In a BBC interview he granted shortly after, he accused Abacha’s government of spending like a drunken sailor.

It was not clear if Obasanjo was angered by the upstaging of the ING, which he was involved in floating, or he was truly concerned about the state of the nation. He had launched an international campaign against Abacha, accusing him of lacking in ethics and transparency.

At home, Obasanjo opened discussions with some leaders and began to build bridges, particularly in the Eastern flank of the country.

Abacha was uncomfortable with the development and was worried about Obasanjo’s offensive. The taciturn general decided to tame Obasanjo and other critics, including his (Obasanjo) erstwhile deputy, Shehu Musa Yar’Adua. Abacha perceived Yar’Adua’s political activities were undermining his own self-succession agenda. In 1995, they were implicated in a phantom coup plot and jailed.

While Yar’Adua later died in prison, Obasanjo did not regain his freedom until the emergence of General Abdulsalami Abubakar regime which replaced Abacha after the latter’s death in June 1998.

The 11-month administration of General Abdulsalam Abubakar (June 1998-May 1999) freed Obasanjo from Makurdi Prison where he was serving life sentence. He was soon to be drafted into politics by some northern elements led by Babangida whose administration he had fought. Obasanjo won the presidential election.

Abubakar, who allegedly played a prominent role in Obasanjo’s emergence as president never experienced the other side of his successor apparently because he was in prison and also because that administration was short-lived.

A day after leaving office in 2007, Obasanjo was said to have written to President Umaru Musa Yar’Adua, his successor, in a letter dated May 30, 2007, trying to tutor him on what to do Shortly before Yar’Adua became critically ill and eventually died, Obasanjo was no longer comfortable with him despite playing major role in his (Yar’Adua) emergence as President in 2007. Reason: Yar’Adua had reversed virtually all the policies of his predecessor and was already investigating some aspects of Obasanjo’s regime. Obasanjo’s position as the Chairman, PDP Board of Trustees, which he had awarded himself while leaving power could not help persuade the new president’s from going for his benefactor’s jugular. Indeed it was speculated that Yar’Adua was contemplating arresting Obasanjo over the $5 million Halliburton bribe, his aide, Bodunde Adeyanju allegedly received for him.

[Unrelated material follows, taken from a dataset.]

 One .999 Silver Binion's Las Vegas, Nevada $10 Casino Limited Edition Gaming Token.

Bodunde Adeyanju allegedly received $5 million in three tranches from agents of Albert Stanley, chief executive officer of Kellog Brown and Roots, a subsidiary of Halliburton. Adeyanju confessed in the Federal High Court in Abuja that he collected the money in cash at Transcorp Hilton Hotel Abuja.

In his book, “The Accidental Public Servant,” a former FCT Minister, Nasir el-Rufai claimed that the former president was living in mortal fear that his successor would pick him up someday. Then Yar’Adua illness! Obasanjo worked underground to see the president’s deputy, Goodluck Jonathan succeed the ailing president. He soon saw an opening to go public.

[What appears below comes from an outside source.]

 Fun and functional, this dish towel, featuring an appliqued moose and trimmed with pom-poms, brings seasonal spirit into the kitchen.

At the 7th Annual Trust Dialogue organised by Media Trust Limited, publishers of Daily Trust, which he chaired, on January 20, 2010, Obasanjo admonished his successor to follow the “path of honour and morality” and resign if he knew he was no longer fit to carry on as President. It did come to many as a shock, however, having helped to install that administration. Five months after, precisely in May.. Yar’Adua died in office.

But a story has it that when Obasanjo visited the late Sultan Abubakar Sadiq III after he conducted and handed over successfully to Alhaji Shehu Shagari on October 1, 1979, he told predicted that Obasanjo would go to jail, come back to head the country. He warned him to be careful thereafter so as not to be sent to jail again.

Following his litany of attacks and concomitant fall of Presidents and military Heads of state, the question is will President Buhari who suffered same attacks while he was a military head of state cave in or go down from Obasanjo’s current attack? Once beaten, they say it’s twice shy, even if he has to go down, won’t he go this time around with Obasajo to save subsequent regimes. Only time shall tell.